Here's what I hate about my boobs:
  • I look frumpy in any kind of t-shirt. The worst part is, my wardrobe consists of mostly graphic tees.
  • They take up half my torso space when wearing a bra.
  • Waistlines that are supposed to land at the waist (shocker) land right under my boobs, yet in the right spot on my back.
  • I can't throw on any old shirt and look normal, like girls with average-sized boobs can. Boobs are hard to style.
  • Bikini shopping is excessively difficult. It shouldn't be, all I need is a waterproof bra. Can't you see I don't need "ADD TWO SIZES!!"?
  • Girls with smaller boobs can throw on a push-up bra and look big for one night. I'm big all the time.
  • Bras that give me a nice shape are usually too thick and sweaty in the summer, and show bra lines under sweaters in the winter.
  • Sports bras and minimizer bras just don't do the trick and make my chest sore. On top of that, the shape is all wrong. Is it that difficult to mimic the shape of normal boobs?
  • Since I've been blessed with the boobs, I get no ass. My ass resembles a frying pan. A frying pan that's been sitting in dirty dishwater for two weeks to the point of no return. No amount of exercise will repair this sad derrière.
  • I can't wear infinity scarves.
  • Even knotting the side of my shirt can make me look bulky and midsection-heavy, because it leaves a gap in the space under my boobs.
  • Normal-fitting t-shirts have the same gap under my boobs.
  • I don't feel comfortable in form-fitting shirts that accentuate my boobs and actually fit them. I've been trained to be ashamed of my boobs.
  • A lot of t-shirts are tight across the upper half of my boobs and then hang down from the other half, making my boobs look smaller in diameter but with a strange shape, which is just a weird and unnatural look.
  • People laugh in my face when I complain about my body image issues saying, "that's not a real problem."
  • There's so much advice on "How to minimize your big boobs!" "How to downplay your chest!" But I want to accentuate it and embrace it, not hide it. I also can't find any advice on how to feel confident with big boobs, because it's assumed that I know big boobs are ideal.
  • I get attention from the wrong kind of guy. It's the materialistic, superficial guys who I get attention from. Please, if I wanted your cheap hookups I'd go to wrestling practice and pick up a hotter guy.
  • I've been reduced to boot cut and flare leg jeans. Almost every day. Because that's the only way I can flatter this kind of figure.
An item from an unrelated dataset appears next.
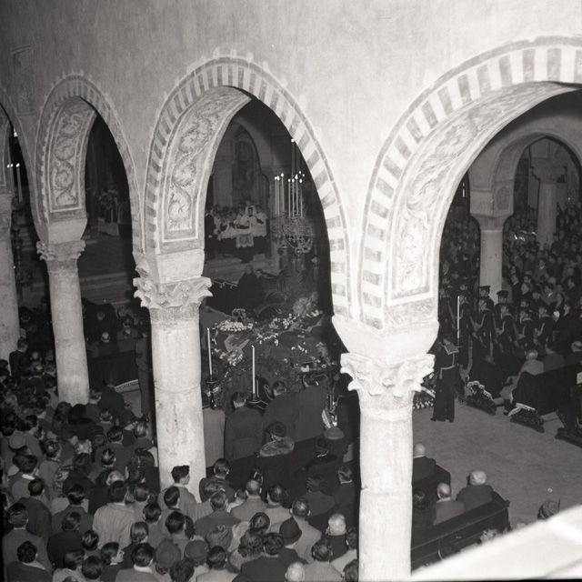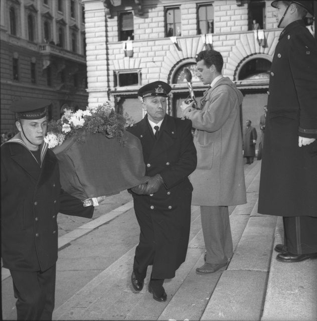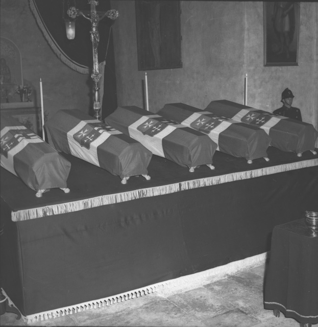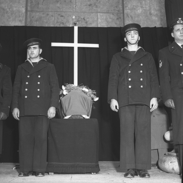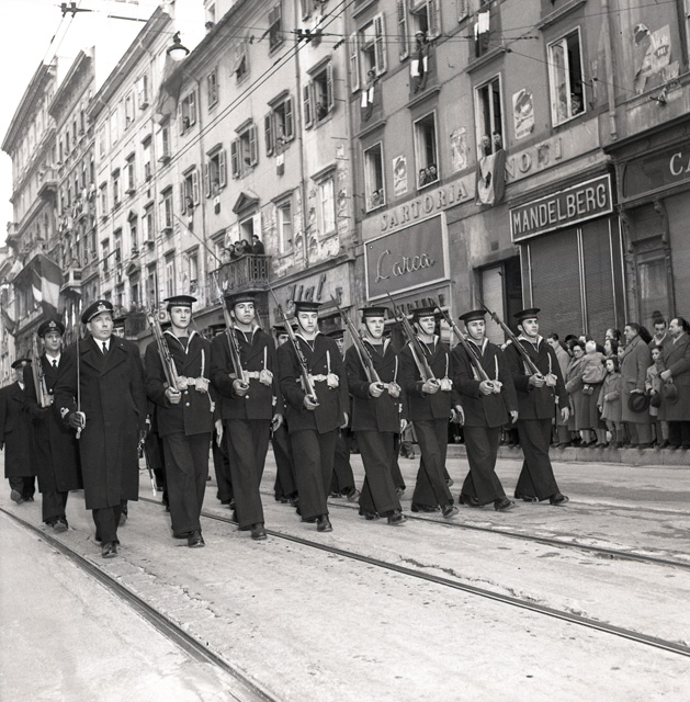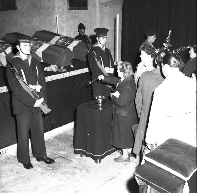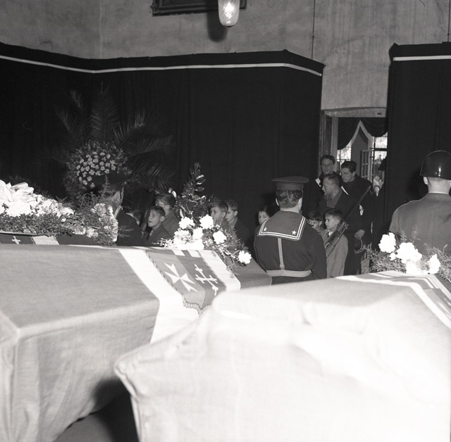Cerimonia funebre per le salme dei cinque marinai della nave da guerra Berenice affondata il 9 settembre 1943 dalle truppe tedesche nel golfo di Trieste, e recuperate nei mesi di gennaio e febbraio del 1951

I love me some flare leg jeans, but it's hard to find the right fit, especially since I'm so short. It's a good thing I know how to hem my own pants.
  • The fashion industry always uses tall, flat-chested models. I assume they're more versatile and photogenic, and probably easier to style. But that just leads to confidence issues for those of us who are the polar opposite of that, and in reality the models don't look perfect either. They just have amazing Photoshop artists, and a professional hair and makeup team.
The hardest thing for me to come to terms with has been accepting my differences. I'm unique, and that's not only okay but preferable. I wish I had perfectly sculpted eyebrows and maybe a little more height (I wouldn't mind a Barbie-doll ski-slope nose, either), but I don't and that's what sets me apart. No, I don't look like a model straight off the runway, but that makes me unique. I've learned the art of the "half tuck," where I tuck in only the front of my t-shirt to avoid the tent issue. I have to put more effort in putting outfits together because I can't throw on just anything. I have trouble accepting that some people can do that, and I'm not one of them. I have trouble accepting that I can't have it both ways. The article emphasized the importance of accepting your differences, and even though I had already realized this was a necessary step to achieve body confidence, it was good to hear someone else say it.
That all being said, I'm not terribly insecure about my boobs, they're just a nuisance and often unsightly in my mind. It is what it is. C'est la vie, mon amie.